## What needs to be done
Each line in the material below, starting at the one that contains "The Barbify feature" and ending at the one that contains "丹麦进口甘蒂牧场香蕉味|草莓味|巧克力味牛奶200mI", should be repeated exactly; the pictures should not.

## Data records

════

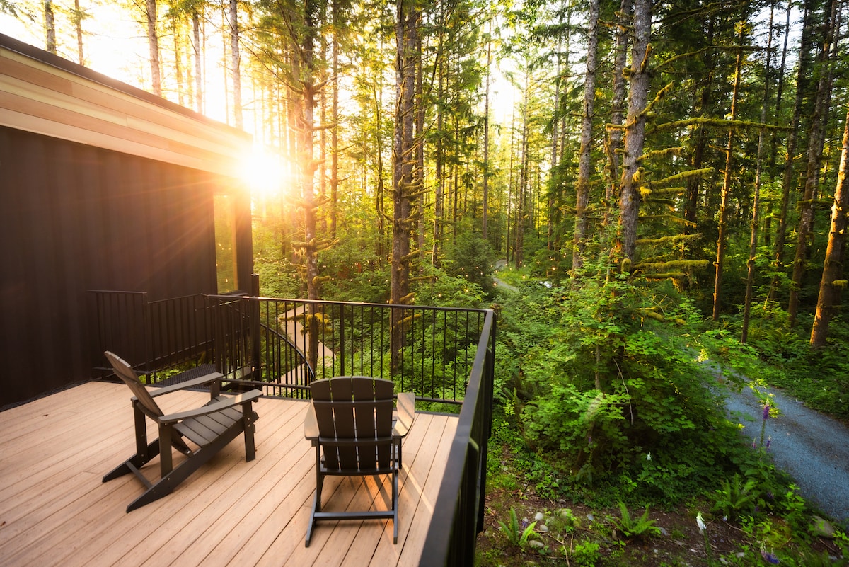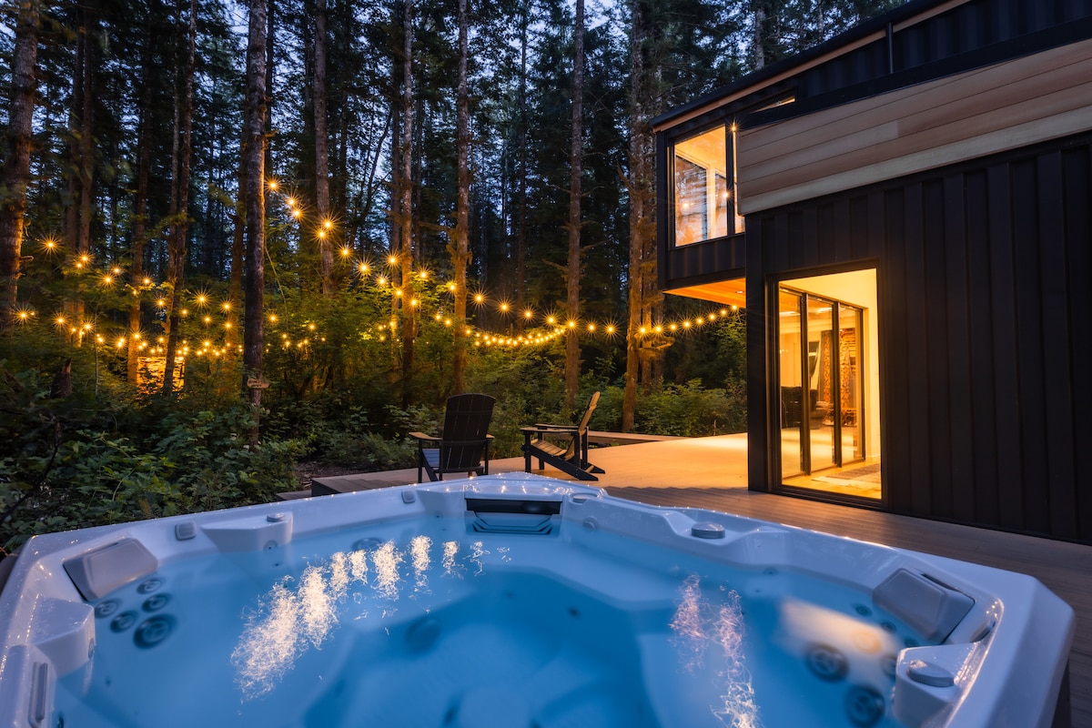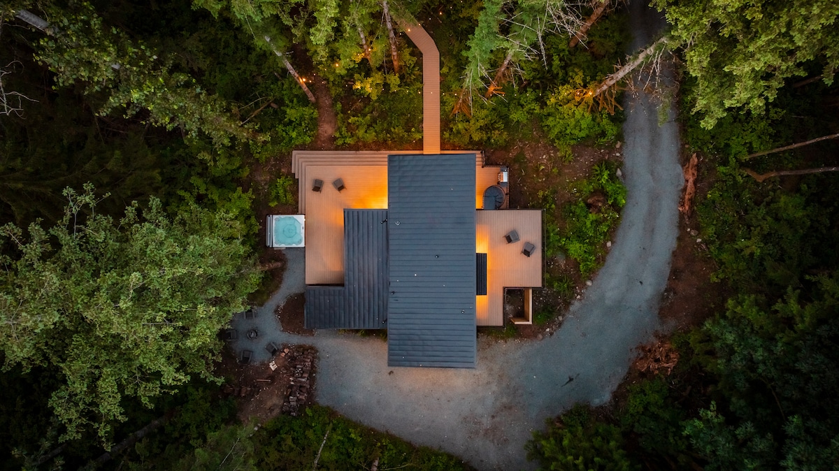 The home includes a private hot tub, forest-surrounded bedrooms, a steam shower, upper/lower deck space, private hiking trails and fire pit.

════

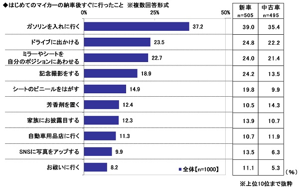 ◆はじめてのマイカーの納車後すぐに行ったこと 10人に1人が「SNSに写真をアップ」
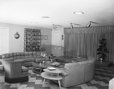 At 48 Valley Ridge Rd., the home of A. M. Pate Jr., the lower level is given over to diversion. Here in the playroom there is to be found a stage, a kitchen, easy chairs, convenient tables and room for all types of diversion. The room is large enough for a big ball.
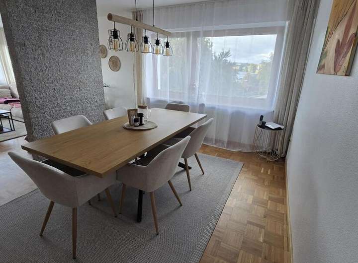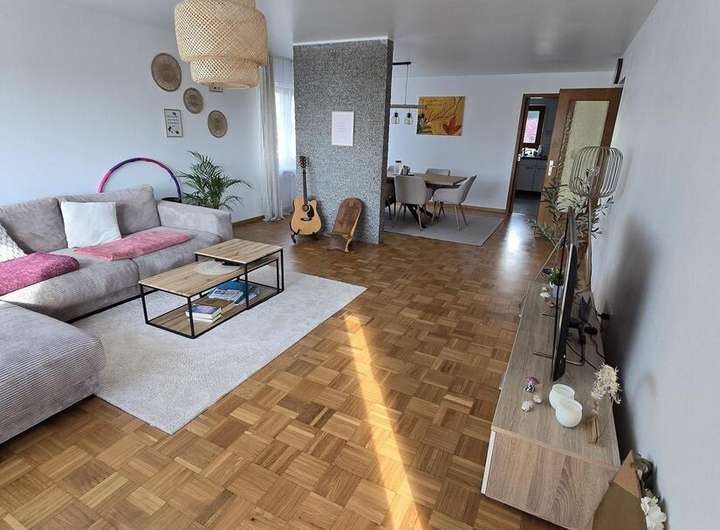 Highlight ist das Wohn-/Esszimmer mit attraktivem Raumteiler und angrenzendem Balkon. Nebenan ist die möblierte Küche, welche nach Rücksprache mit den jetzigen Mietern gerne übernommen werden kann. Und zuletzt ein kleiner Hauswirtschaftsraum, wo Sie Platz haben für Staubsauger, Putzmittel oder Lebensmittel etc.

════

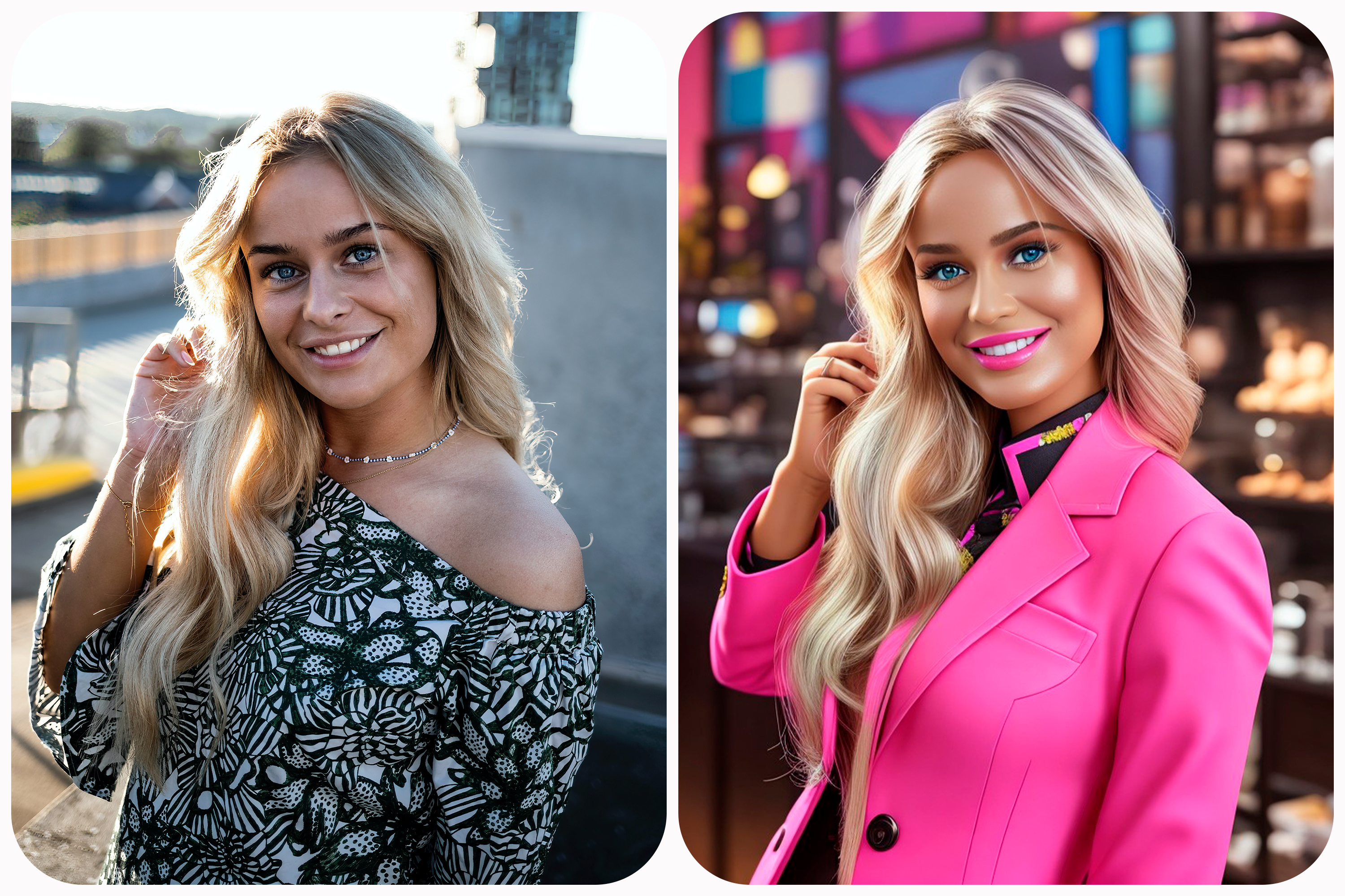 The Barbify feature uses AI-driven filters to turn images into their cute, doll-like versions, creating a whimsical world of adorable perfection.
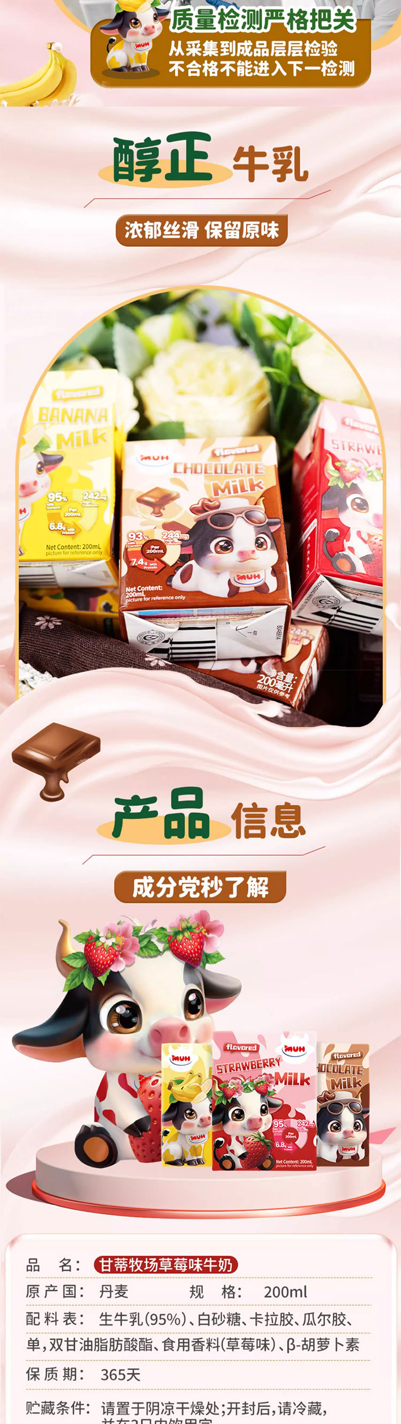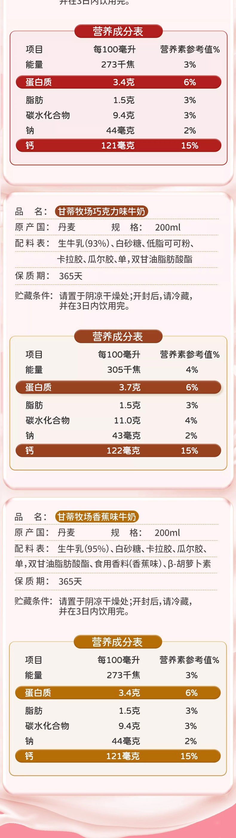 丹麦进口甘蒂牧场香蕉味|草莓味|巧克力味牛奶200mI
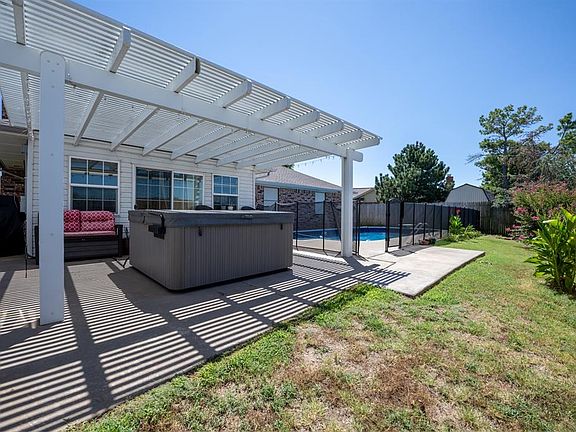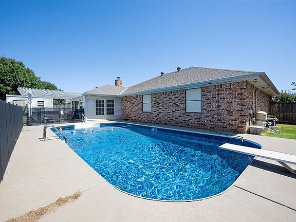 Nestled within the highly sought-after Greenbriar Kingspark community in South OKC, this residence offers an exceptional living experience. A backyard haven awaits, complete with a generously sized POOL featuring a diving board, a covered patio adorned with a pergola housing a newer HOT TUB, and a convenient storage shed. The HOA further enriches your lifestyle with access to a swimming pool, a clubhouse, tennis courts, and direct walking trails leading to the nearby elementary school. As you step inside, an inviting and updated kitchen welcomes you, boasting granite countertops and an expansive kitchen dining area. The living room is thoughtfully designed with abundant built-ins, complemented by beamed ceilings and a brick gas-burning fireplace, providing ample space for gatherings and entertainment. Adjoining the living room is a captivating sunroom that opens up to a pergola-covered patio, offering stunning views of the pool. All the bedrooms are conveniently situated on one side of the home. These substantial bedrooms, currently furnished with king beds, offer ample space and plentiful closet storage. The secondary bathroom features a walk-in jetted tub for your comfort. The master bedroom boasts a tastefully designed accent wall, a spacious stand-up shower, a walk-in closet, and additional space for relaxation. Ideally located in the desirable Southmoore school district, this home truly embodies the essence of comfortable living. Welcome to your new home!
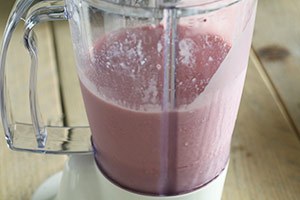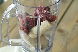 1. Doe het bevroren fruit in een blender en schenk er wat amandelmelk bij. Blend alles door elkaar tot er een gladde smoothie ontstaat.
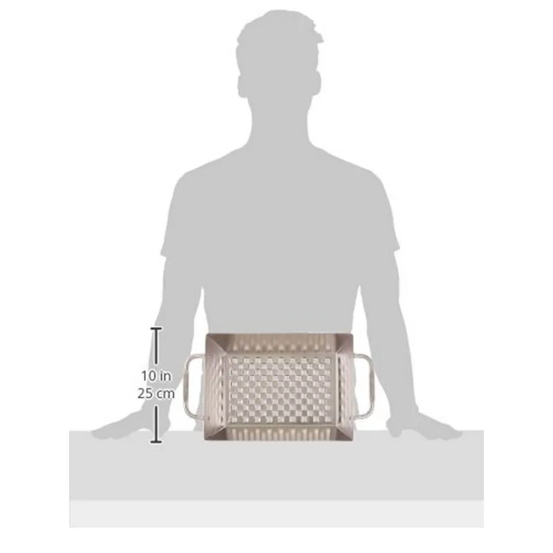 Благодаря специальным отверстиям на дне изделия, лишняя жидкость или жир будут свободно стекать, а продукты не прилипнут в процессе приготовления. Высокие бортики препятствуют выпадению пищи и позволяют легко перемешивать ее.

════

## Response
 The Barbify feature uses AI-driven filters to turn images into their cute, doll-like versions, creating a whimsical world of adorable perfection.
 丹麦进口甘蒂牧场香蕉味|草莓味|巧克力味牛奶200mI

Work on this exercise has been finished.